Omong-omong tentang Ardan, tak ada yang berubah. Masih jomblo dan masih hampa. Kalau soal move on masih belum bisa dipastikan karena Ardan orangnya setia. Tapi gak mungkin Ardan pakek title 'ku tunggu jandamu, Tatal' karena gak baik mendoakan yang tidak baik. Hihihi!
"Masih tiga jam lagi, pa. Sampe jam setengah dua belasan lah. Nanti Ferril yang jemput kok," begitu terangnya ketika papanya sibuk menelepon.

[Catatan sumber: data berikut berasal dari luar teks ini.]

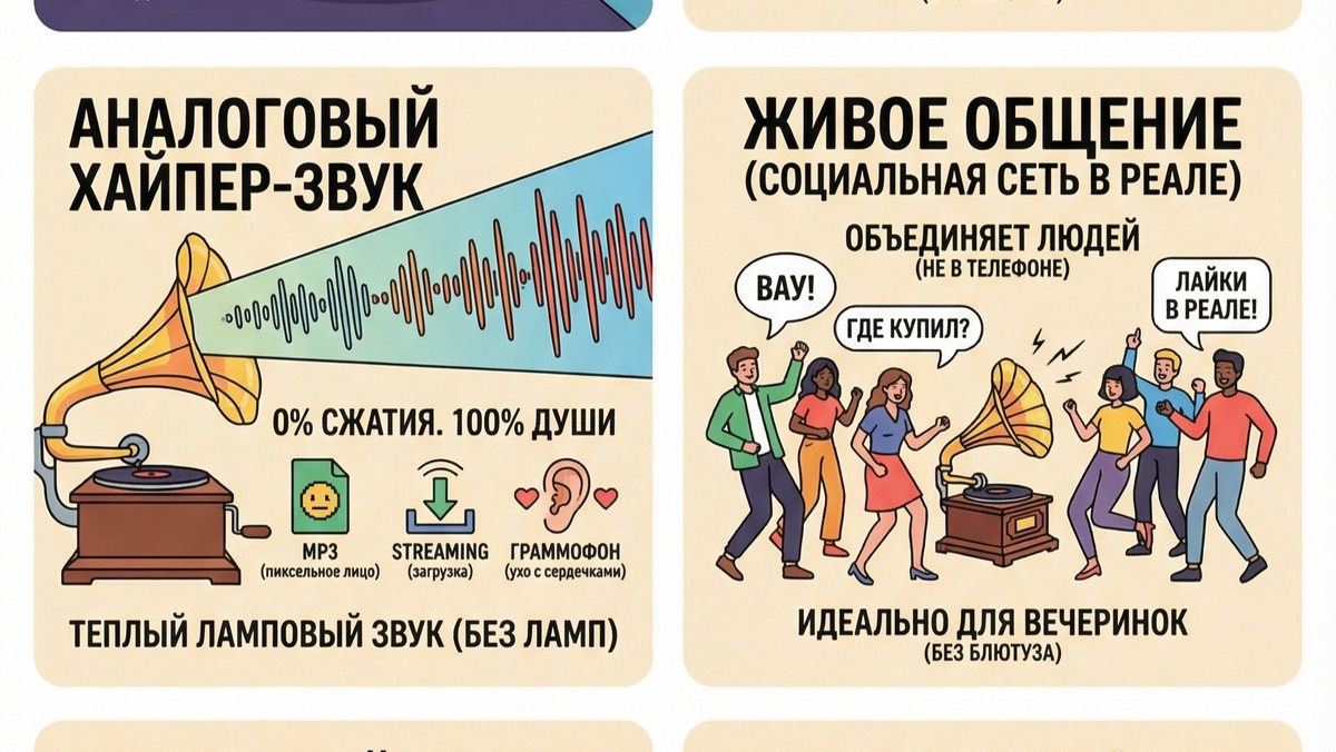 ⚡️Тут всё придумала нейросеть! Всё!!! Вот сижу теперь и размышляю: радоваться или бомбить? ИИ-креатив смешной и логичный, картинки красивые и аккуратные, инфографика современная и сложная. Русский текст написан ИДЕАЛЬНО! И зачем тогда мы?!.. ⚡️Сделано в Nano Banana PRO, генеративной модели от Google. Вышла 20 ноября 2025 года и, как обычно, взорвала сообщество ИИ-креаторов (потому что каждый раз кажется: куда уж дальше-то? и каждый раз создатели нейронок идут дальше и удивляют). Промт: Продай граммофон на Авито как будто это супер современная техника. Это должны быть карточки-приколы. Придумай дизайн карточек, инфографику, все преимущества граммофона, весь текст и юмор. Сделай так, чтобы граммофон захотелось купить. Стиль - плоская иллюстрация, шрифт гротеск НЕЙРОШТУКИ • Дизайн • Искусство • Нейросети

Papanya mengiyakan saja. Cukup lega karena Ferril yang menjemput bukan istrinya. Ia juga tak akan memberi izin kalau Aisha harus ke bandara semalam itu. Selain itu, di Jakarta sana, seperti biasa, Ferril mulai bermanja ria dengan berbaring di pangkuan bundanya yang membuat papanya senewen karena gak kebagian. Lelaki manja yang satu itu lagi senang-senangnya. Kenapa? Dengar-dengar sih lagi jatuh cinta. Tapi gak ada yang tahu siapa si perempuannya. Karena belum dikenalkan pada bunda. Tapi ia sudah berjanji pada bundanya, kalau sudah oke, pasti akan ia bawa ke rumah. Janji lainnya, katanya ini yang terakhir. Iya, perempuan ini yang ingin Ferril jadikan pelabuhan terakhirnya. Ketika ditanya apa alasan Ferril begitu serius dengan perempuan yang satu ini, lelaki itu hanya menjawab, 'karena mirip sekali dengan bunda'. Papanya sih senang-senang saja kalau memang Ferril serius ingin menikah. Yah, dari pada anaknya jadi playboy lagi kan ribet urusannya. Mendingan juga nikah meski ia lihat masih kekanakan sekali tingkahnya. Tapi Fadlan pikir, barangkali anaknya bisa belajar lebih dewasa nanti. Toh Fadli juga begitu. Alasan menyenangkan lainnya bagi Fadlan tentu saja istrinya. Hihihi! Kalau Ferril menikah kan, cuma ia yang akan manja-manjaan sama istri dan gak akan diganggu anak sablengnya itu lagi! Hihihi!
"Katanya mau jemput Dina, deeek!" tegur bunda yang tentu saja mengingatkan.
"Masih lama, bun. Nyampenya tengah malem begitu!"
"Setengah dua belas kaliii! Udah ih siap-siap! Kan pada jemput yang lain juga!" semprot Farras dari tangga dengan penampilan yang sudah rapi.
Ferril terbelalak lantas buru-buru bangun saat mendengar suara cempreng Rain menyapa dari ruang tamu. Gadis itu datang membawa Anne yang ogah-ogahan, ada Tata juga ditambah Fasha yang baru saja memarkir mobilnya.
As-ta-ga!
Cuma menjemput satu orang aja yang ikut dan ributnya kayak jemput orang sekampung yang baru pulang haji!